9.3 Image Quality Assurance
Image quality has been traditionally assessed by subjective methods; a few observers (doctors, other professionals, or volunteers) looked at a series of images and assessed which one looked better for a predefined task. For example, the same set of images containing a certain tumor and obtained with different image processing algorithms would be shown to several medical doctors. The doctors would be asked to rate the images depending on their ability to detect the tumor, and the best rated image would define which one of the algorithms is the best. These methods are still employed today, but they are very time-consuming and expensive, because a large number of observers and images are required to obtain reasonable conclusions. Furthermore, a similar study carried out in a different place may not be comparable just because the observers may be differently trained.
The alternative, standard approach is based on analyzing the resolution (or high contrast resolution) and noise (or low-contrast resolution) of sample images. Traditional methods use visual tests, whereas more recent methods involve measures based on Fourier analysis, such as the modulation transfer function (MTF) and the noise power spectrum (NPS). The drawbacks of these methods and some new alternative methods are the object of this section.

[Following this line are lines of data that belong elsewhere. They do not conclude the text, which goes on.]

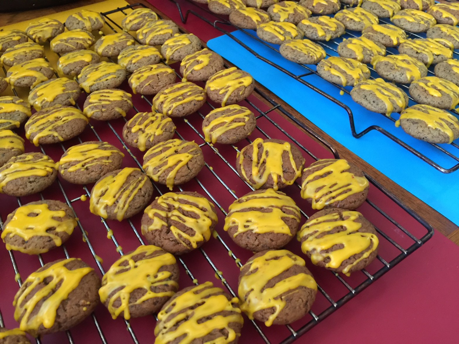 Drizzle icing over tops of cookies in streams, while they are still on wire rack.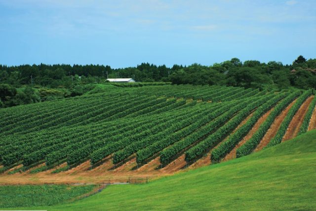 能登の丘に広がる美しい畑でぶどうを丹念に育てる
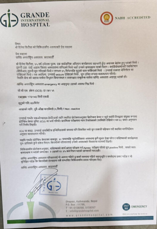 शुक्रबार बिहान बेहोस भएका उनलाई त्यही दिन दिउँसो सेनाको स्काई ट्रकममा काठमाडौं ल्याएर ग्रान्डी अस्पतालको भेन्टिलेटरमा राखिएको थियो ।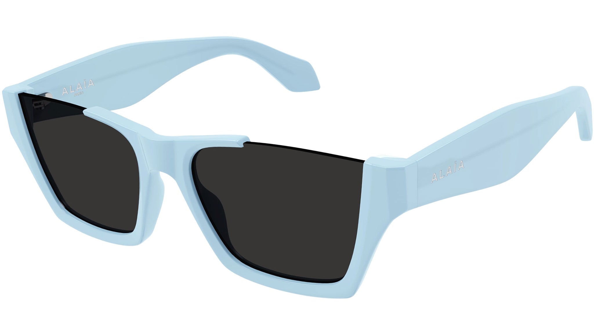 Occhiali da sole Azzedine Alaïa AA0081S 003 donna con montatura rettangolare in acetato riciclato blu chiaro tinta unita lucido e lenti grigio tinta unita. Linea: Lettering Logo. Codice modello: AA0081S. Codice colore: 003. Made in Italy. Rivenditore autorizzato Alaïa online. Gli occhiali vengono consegnati con custodia e accessori originali e sono coperti dalla garanzia ufficiale di 12 mesi del produttore.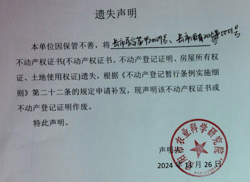 遗失声明( 岳阳市农业科学研究院)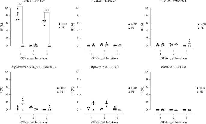 Fig. 6 IF at top three predicted off-target locations. IF was determined for Alt-R HDR components with 200 pg (col1a2 c.918A>T), 400 pg (col1a2 c.1416A>C, col1a2 c.2093G>A) or 800 pg (atp6v1e1b c.634_636CGA>TGG, atp6v1e1b c.383T>C, brca2 c.6803G>A) Cas9 or PE components (RNP mixture containing 480 ng/µL pegRNA and 1,380 ng/µL PE2-His protein) injected into the yolk of one-cell-stage zebrafish embryos. The bars and error bars represent the mean + s.e.m. of three biologically independent replicates (n = 3), where each replicate represents a pool of 20–30 injected embryos. Unpaired two-tailed t-test: **P < 0.01, ***P < 0.001.
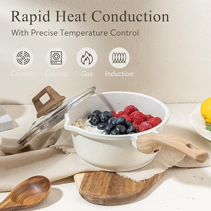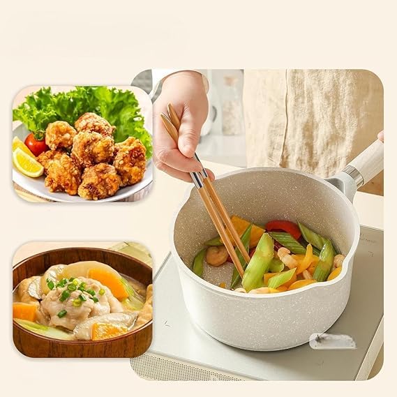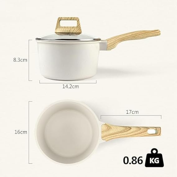Specification: VENJA 16 cm One‑Handed Marble‑Coated Milk Pan with Glass Lid Induction Safe Non‑Stick Pot for Milk, Tea, Chai, Breakfast & Boiling Easy to Clean…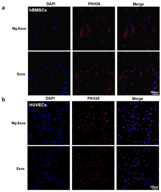 Mg2+ plays important roles in promoting new bone formation and maintaining vascular function, which also contributes to the restoration of blood supply and bone regeneration in SONFH [41,42,43,44]. However, previous studies have primarily focused on the direct effects of Mg2+ or Mg-containing scaffolds on cells such as BMSCs, while the regulatory effects of Mg2+ stimulation on the functions of exosomes derived from BMSCs remain unexplored. Studies have indicated that 10 mM Mg2+ caused no significant toxicity in BMSCs and exerted the most potent effect in promoting the osteogenic differentiation of BMSCs and upregulating the expression of VEGF [45,46]. In addition, 10 mM Mg2+ stimulation optically lowered the anti-angiogenic functionality of macrophage-derived exosomes. Therefore, in this study, rBMSCs were treated with 10 mM MgCl2 for 48 h to collect exosomes (designated as Mg-Exos) from the culture supernatant via ultracentrifugation (Figure 2a). Exosomes isolated from untreated BMSCs were designated as Exos. TEM images revealed that the two types of exosomes exhibited cup-shaped or spherical morphologies, with diameters ranging between 50 nm and 150 nm (Figure 2b). NanoFCM indicated that the particle sizes of the two types of exosomes were similar, predominantly distributed within the range of 50–120 nm, with a peak around 60 nm, and the concentrations of the isolated exosomes were approximately ×109 particles/mL for both groups (Figure 2c). Western blot analysis confirmed that both exosomes expressed the specific exosomal markers CD63, TSG101, and HSP70 (Figure 2d). To detect the internalization of exosomes by cells, the two exosomes were labeled with PKH26 and then co-cultured with BMSCs and HUVECs, respectively. Fluorescence microscopy observation showed that the labeled exosomes exhibited homogeneous red punctate fluorescence, which was successfully taken up by BMSCs and HUVECs (Figure 3a,b).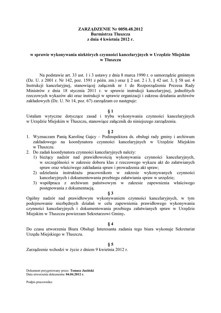 ZARZĄDZENIE Nr 0050.48.2012 Burmistrza Tłuszcza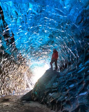 Then you'll get to marvel at the incredible scenery inside the glacier; the electric blue ice walls and the sheer and sparkling ice sculptures found inside. After exploring the cave for a while, snapping a few photos in the process, you'll head back to the vehicle and return to the glacier lagoon.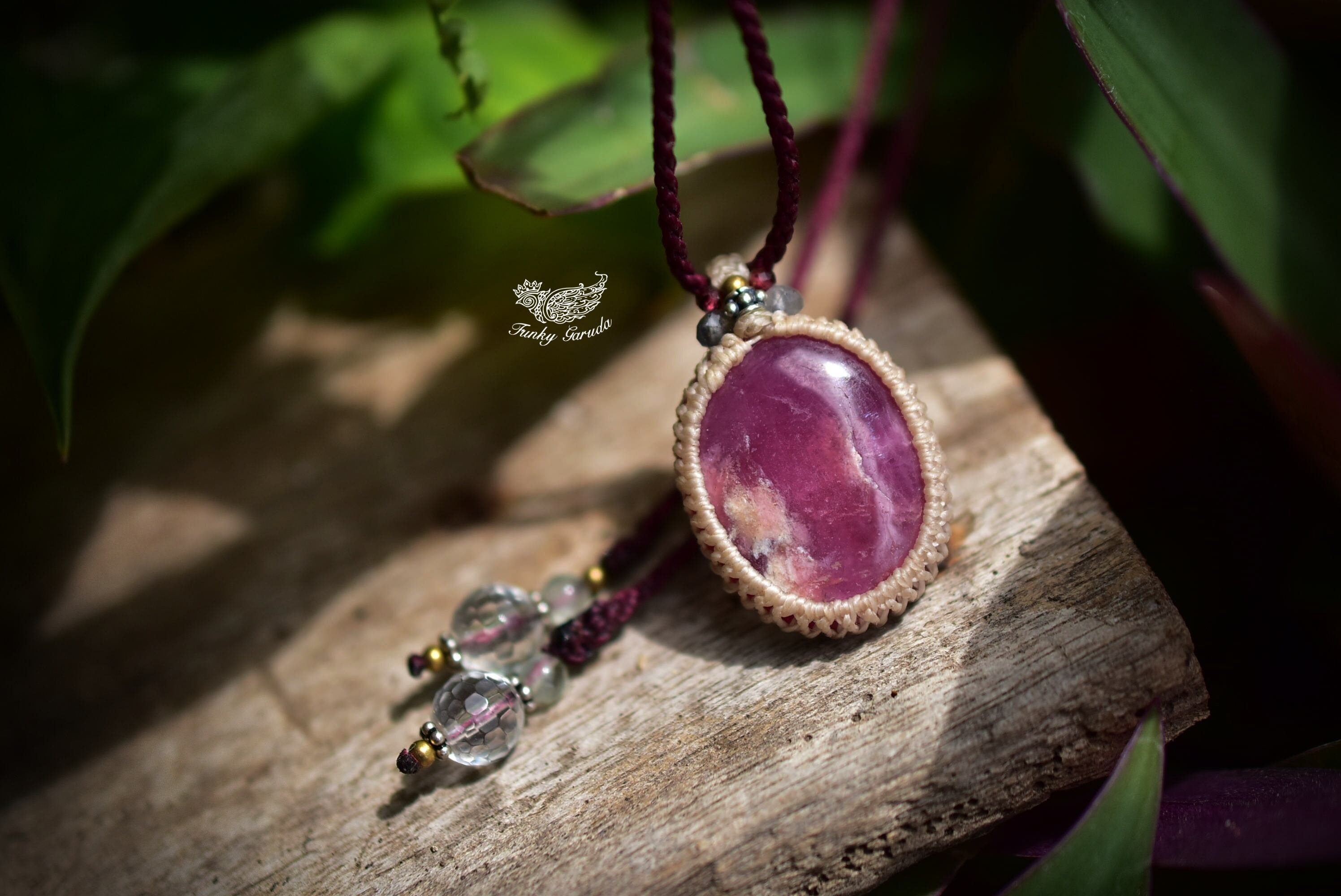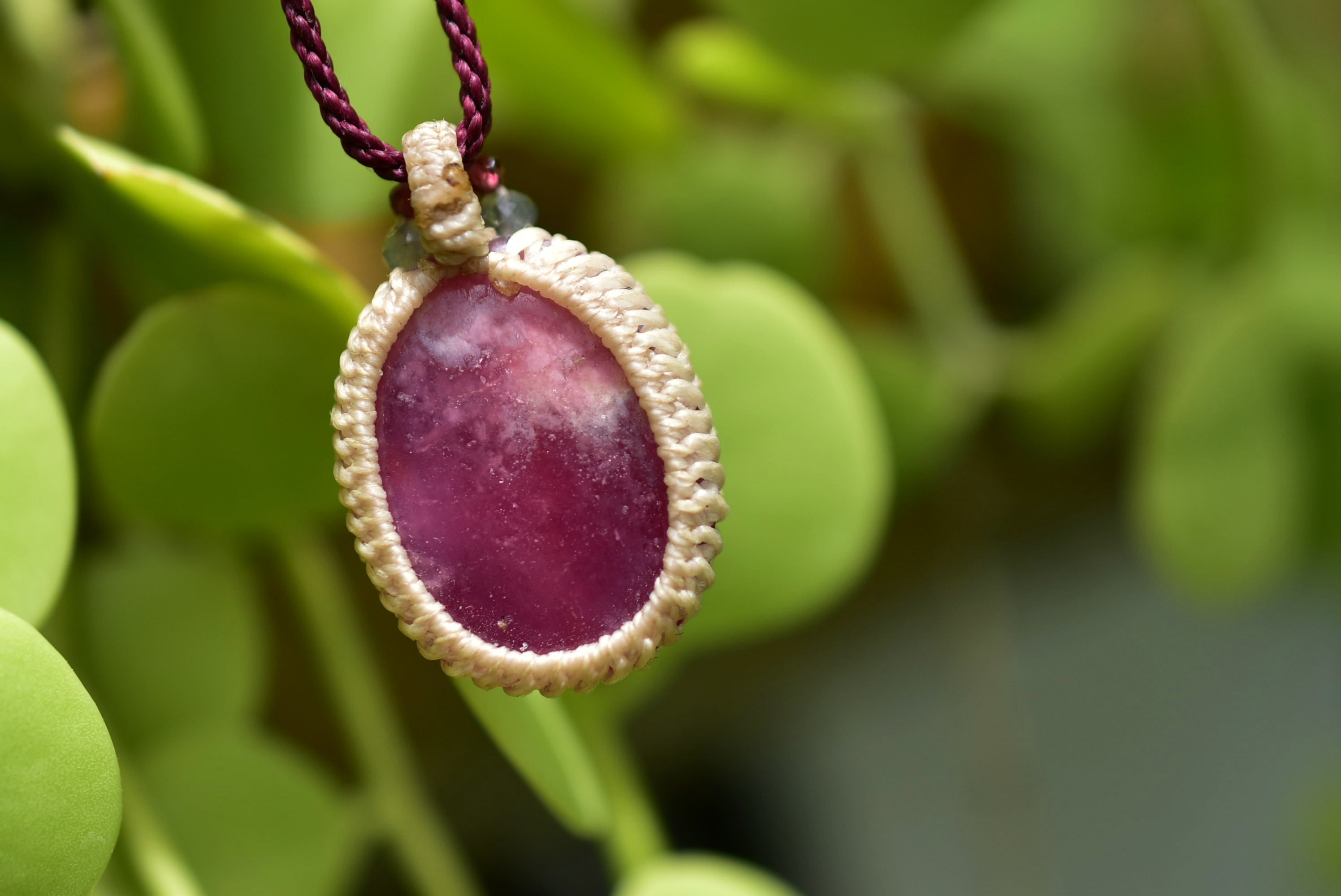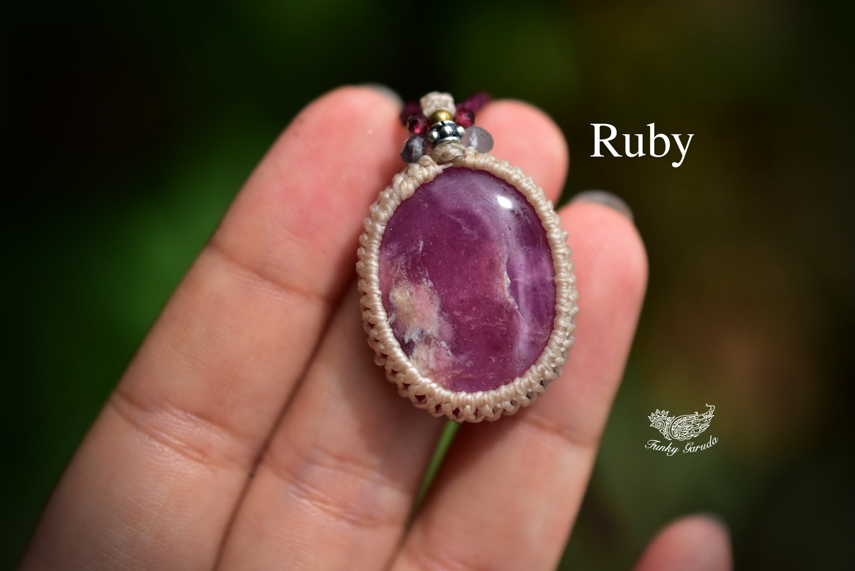 深い赤★ローズルビー マクラメペンダント351

Another usual measure of image quality, the image contrast, is not so interesting from the point of view of QA, since this value can be modified by the user after the image has been taken by setting the center and the width of the window level. However, the contrast-to-noise ratio (CNR) or signal-difference-to-noise ratio (SDNR) is gaining importance in recent years and will be introduced in this section. Image artifacts (i.e., additionally displayed structures that confound the actual image of the object) are very interesting features from the point of view of QA, but there is such a wide variety of them for the different technologies that they had to be left out of the scope of this chapter. The reader is referred to specialized books for discussions on artifact detection and correction [19, 20]. At the end of this section, a brief discussion about the standard measure called signal-to-noise ratio (SNR) is given as a motivation for the last section of this chapter.
9.3.1 Noise
There are three main kinds of noise in medical images.
1.
Electronic noise is the signal captured by a system in the absence of X-ray exposure. As an example, Fig. 9.8a shows the electronic noise pattern of a flat-panel detector. The stripped pattern is called synchronous or row-correlated noise. It may be due to the black currents inside the circuits or to the mechanism of image acquisition, which is made by synchronized readings of entire rows in the detector.
Fig. 9.8
Images showing an example of each kind of noise described in the text
2.
Quantum noise is the most traditional concept for the word “noise,” that is, stochastic variations due to the quantum nature of the image pixels. Figure 9.8b shows an image with a large amount of this kind of noise. Note that any apparently homogeneous region actually contains a spectrum of different grey values within its pixels.